CK-MB forms can be used to determine whether thrombolytic therapy (such as treatment with tissue plasminogen activator to dissolve a blood clot in the coronary artery) has succeeded. MB forms are different molecular forms of MB found in the circulation. When MB is released into the blood, part of the M subunit is removed by an enzyme in the plasma. This results in a molecule called CK-2 1 . This is the prevalent form of MB in the blood. CK-2 2 is the unmodified cardiac form of MB. After successful thrombolytic therapy, the unmodified form of MB is rapidly flushed into the blood, causing it to become the dominant form.
Myoglobin is a protein found in both skeletal and myocardial muscle. It is released rapidly after tissue injury and may be elevated as early as one hour after myocardial injury, though it may also be elevated due to skeletal muscle trauma. However, if myoglobin values do not rise within three to four hours after a person shows acute symptoms, it is highly unlikely that he or she had an MI. There are several measurement methods available.
Troponin C, I, and T are proteins that form the thin filaments of muscle fibers and regulate the movement of contractile proteins in muscle tissue. Skeletal and cardiac forms are structurally distinct, and antibodies can be produced that react only with the cardiac forms of troponin I and troponin T.
Cardiac troponin T (cTnT) and cardiac troponin I (cTnI) are the newest additions to the list of cardiac markers. Cardiac troponins are specific to heart muscle. They have enabled the development of assays (tests) that can detect heart muscle injury with great sensitivity and specificity. While these markers have been used mainly to aid in the diagnosis of chest-pain patients with nondiagnostic electrocardiograms, they are also used as prognostic indicators of a MI. According to the American Heart Association, "Several studies have identified a measurable relationship between cardiac troponin levels and long-term outcome after an episode of chest discomfort. They suggest that these tests may be particularly useful to evaluate levels of risk. In other words, it's possible that the results of a troponin test could be used to identify people at either low risk or high risk for later, serious heart problems."
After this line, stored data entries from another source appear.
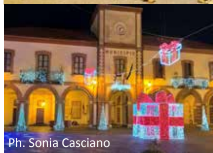
Ph. Sonia Casciano
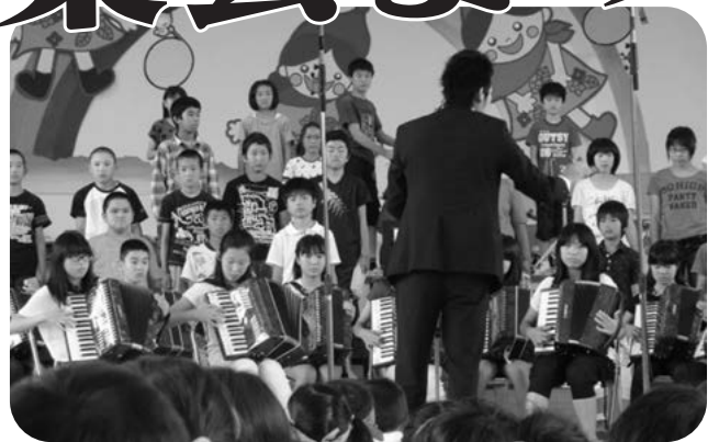
6年生 さすがの演奏です
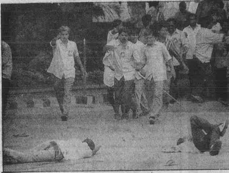
மின் கட்டண உயர்வுக்கு எதிராக ஐதராபாத்தில் நடந்த பேரணியை ஒடுக்க போலீசு நடத்திய துப்பாக்கிச் சூட்டில் காயமடைந்தவர்கள்.

இப்படி மந்திரிகள், அதிகாரிகளின் பொது நிகழ்ச்சிகள் குலைக்கப்பட்டு அவர்கள் நடமாடவே முடியாதவாறு முடக்கப்படுவது தொடரவே, போராட்டக்காரர்
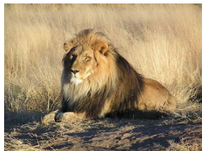
“สิงโต” สัตว์ประจำชาติของประเทศสิงคโปร์
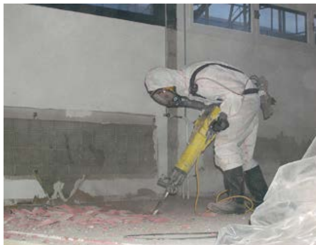
2 Pavimento rimosso con un martello demolitore
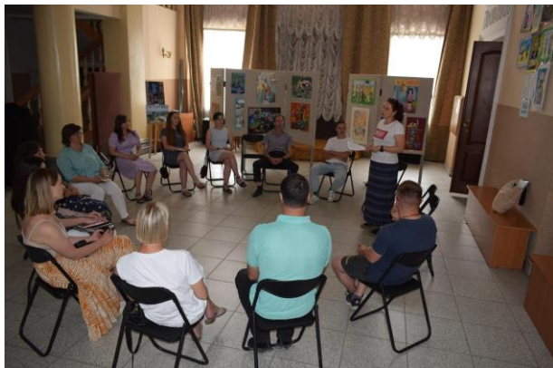
Фокус-група, місцеві жителі_Володимирська ТГ
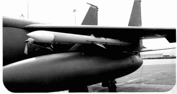
AIM-120 AMRAAM. 액티브 레이더와 관성 유도장치로 미사일이 목표물을 스스로 추적하므로 조종사는 여러 목표에 각각의 미사일을 조준, 발사할 수 있다. 속도는 마하4, 사정거리는 50km이다.
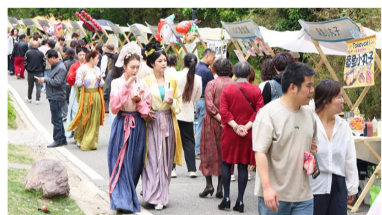
5月2日，普陀区沈院，前来游玩观光的游客络绎不绝

“五一”假期期间，全市各大景区游人如织、人气足，广大市民游客放飞心情，或亲近山海，或感受美丽乡村魅力，或探访古城……大家在愉悦的心情中享受假日时光。
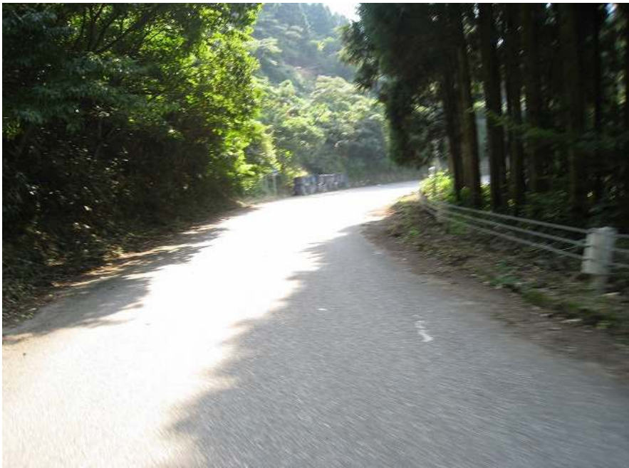
34. 下り その7 小滝のヘアピンはもうすぐ
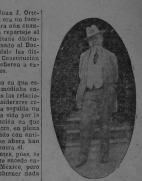
GENERAL DON VENUSTIANO CARRANZA

Recientemente reproducimos nosotros una noticia sumamente grave, que apareció publicada en el "New York American"; la de que Carranza habia expulsado al Ministro de Guate
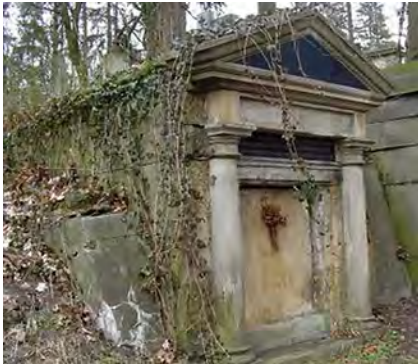
Fot. 11. Grobowiec Ernesta Tilla (1846–1926) – profesora prawa cywilnego, dziekana
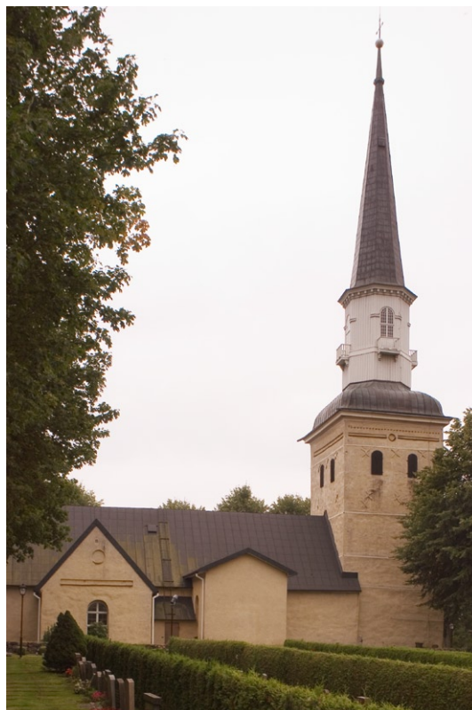
Exteriör mot norr.

1941 utvidgades kyrkogården åt norr. Den yngre delen omgärdas av en bogårdsmur uppförd av sprängd gråsten. Den äldre kyrkogårdens entréer mot väster och öster flankeras av
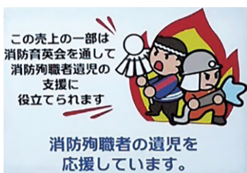
この売上の一部は消防育英会を通して消防殉職者の遺児の支援に役立てられます。消防殉職者の遺児を応援しています。

(公財) 消防育英会では、消防育英事業の安定的な運営に資することを目的に、平成26年度から消防育英会支援自動販売機を導入しています。この自動販売機は、売上の一部(1本当たり原則2円)を消防育英会にご寄付いただくもので、消防育英会にとって貴重な財源となっております。平成26年12月に第1号機が設置されて以来、着実に増加を続け、おかげをもちまして
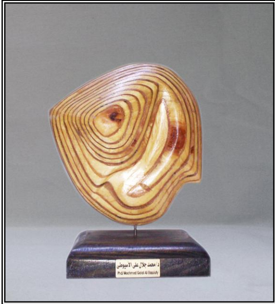
( دوامة ) خشب أبلاكاج ٩مم ٣٠سم × ١٧سم × ٣٨سم
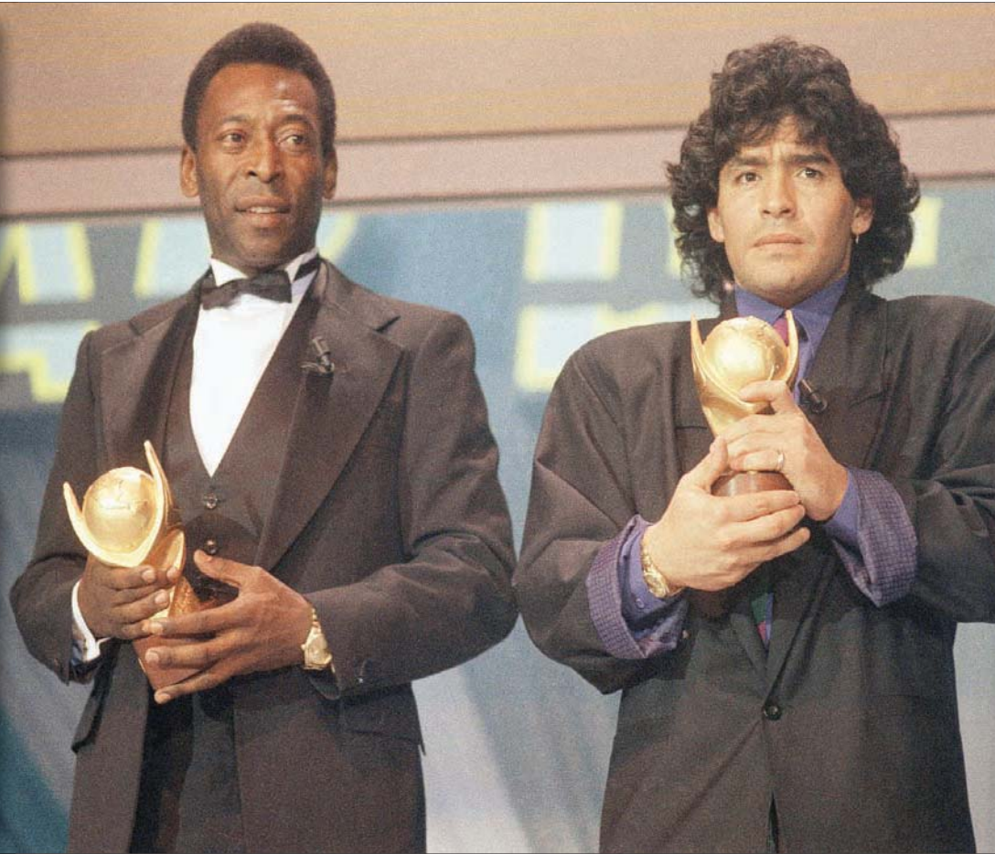
مارادونا وبيليه يتقاسمان جائزة «الفيفا» لأفضل لاعب لكرة القدم في القرن العشرين

وطالب مسؤولو نادي نابولي بإطلاق اسم مارادونا على ملعب سان باولو، مقفل الفريق الجنوبي تكريماً له على إنجازاته الخالدة مع الفريق. وربما لا يوجد بلد بعد الأرجنتين يشعر بالحزن على وفاة مارادونا مثل إيطاليا التي جلبت
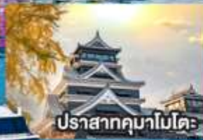
ปราสาทคุมาโมโตะ
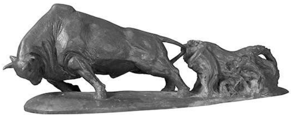
潘鹤《开荒牛》 雕塑 中国美术馆藏

新春将至,年味渐浓。2021年春节,为响应居家过年、就地过年的号召,各地博物馆、美术馆、图书馆纷纷推出内容多元、形式多样的春节特色展览,让观众可以在春节期间感受浓浓年味,体会传统年俗的文化内涵。
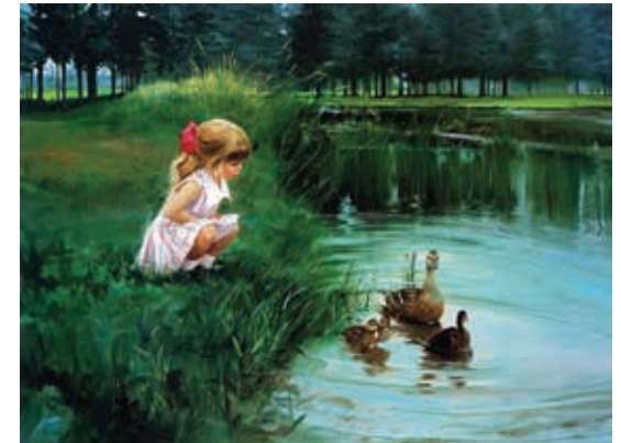
Д. Золан. «Біля річки»
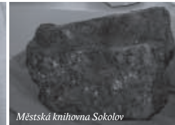
Městská knihovna Sokolov
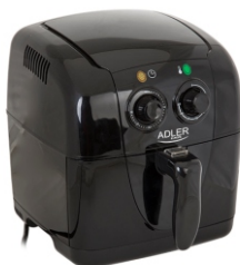
Air fryer AD 6307
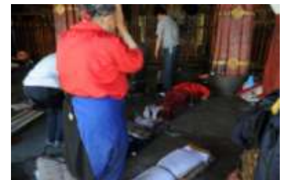
(写真2) 五体投地をする信者

その後、チベット仏教の総本山、大昭寺へ行く。五体投地(※体全体を使って行う、仏教において、最も丁寧なお祈りの仕方)をする人が多い。(写真2)
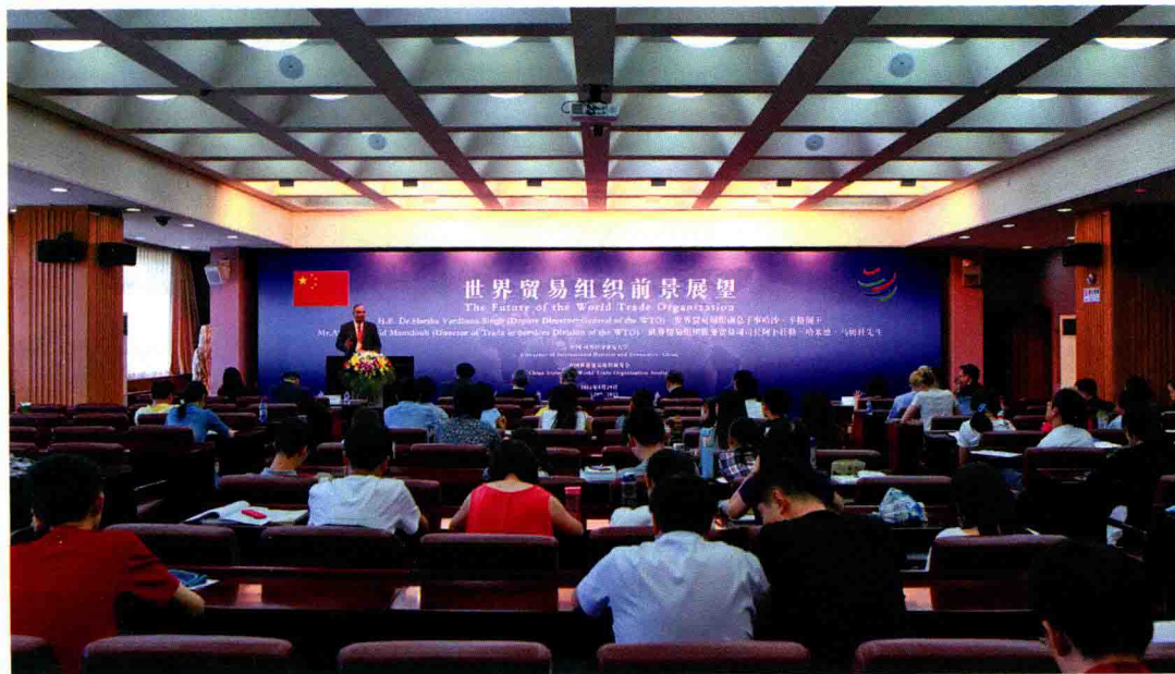
5月29日，WTO副总干事哈沙·辛格来校访问并做演讲。

5月31日，WTO副总干事哈沙·辛格、服务贸易司司长阿卜杜勒·哈米德·马姆杜、太平洋经济合作理事会主席唐·坎贝尔、欧盟竞争总司副总司长本德·隆海尔先生等多位国际著名学者来校访问并作精彩演讲。
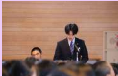
学習委員会による司会
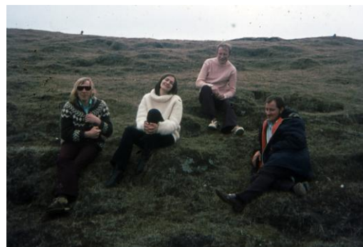
Kannast einhver við þetta fólk?

Rangæingar og Skaftfellingar halda áfram að spila framsóknarvist í Skaftfellingabúð annað hvert fimmtudagskvöld kl. 20. 12. janúar – 26. janúar – 9. febrúar
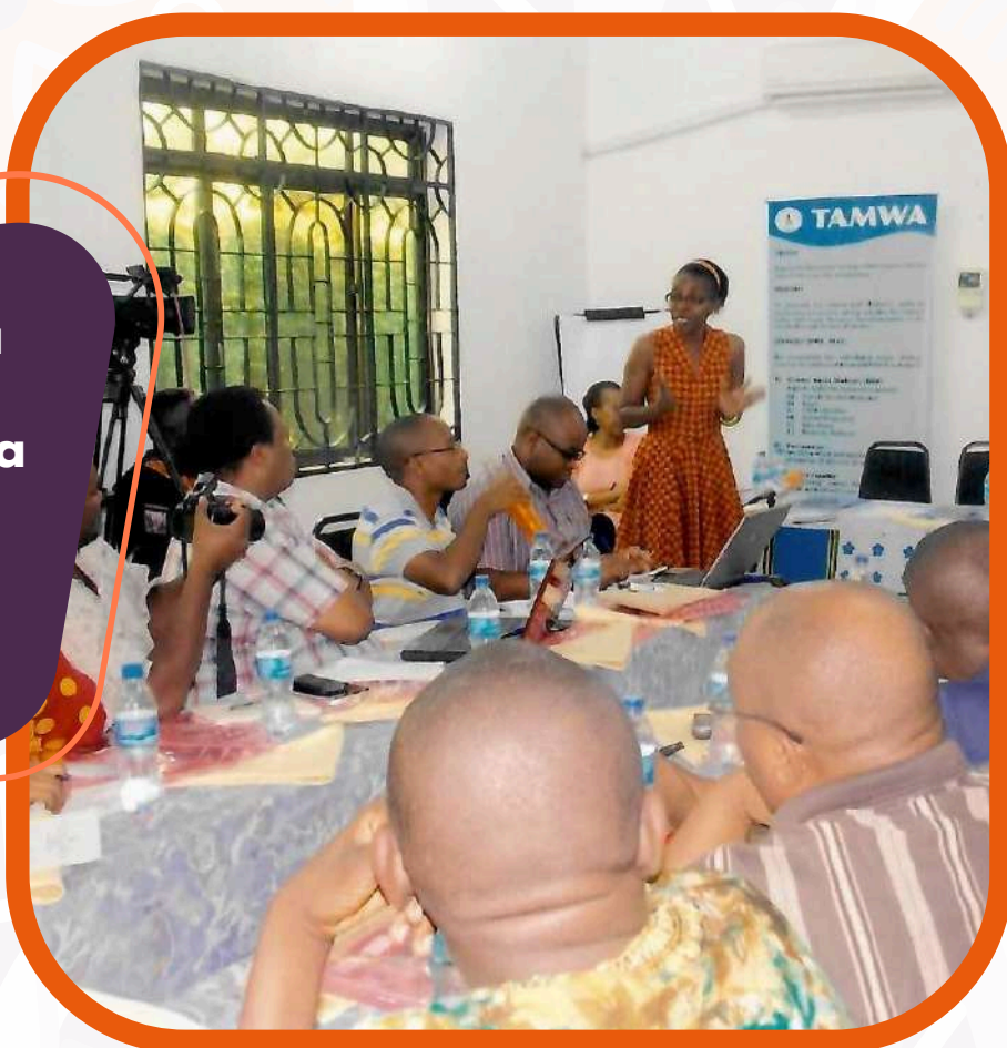
Picha: Moja ya mikutano na vyombo vya habari kuhamasisha umuhimu wa katiba yenye mrengo wa jinsia

Several commercially available quantitative (measures amounts) immunoassays are available for the measurement of cTnI and cTnT. There is also a qualitative (positive or negative) cTnI test, targeted at bedside testing.
CRP is a protein found in serum or plasma at elevated levels during a inflammatory processes. The protein can be measured via a variety of methods for the quantitative or semiquantitative determination of C-reactive protein in human serum.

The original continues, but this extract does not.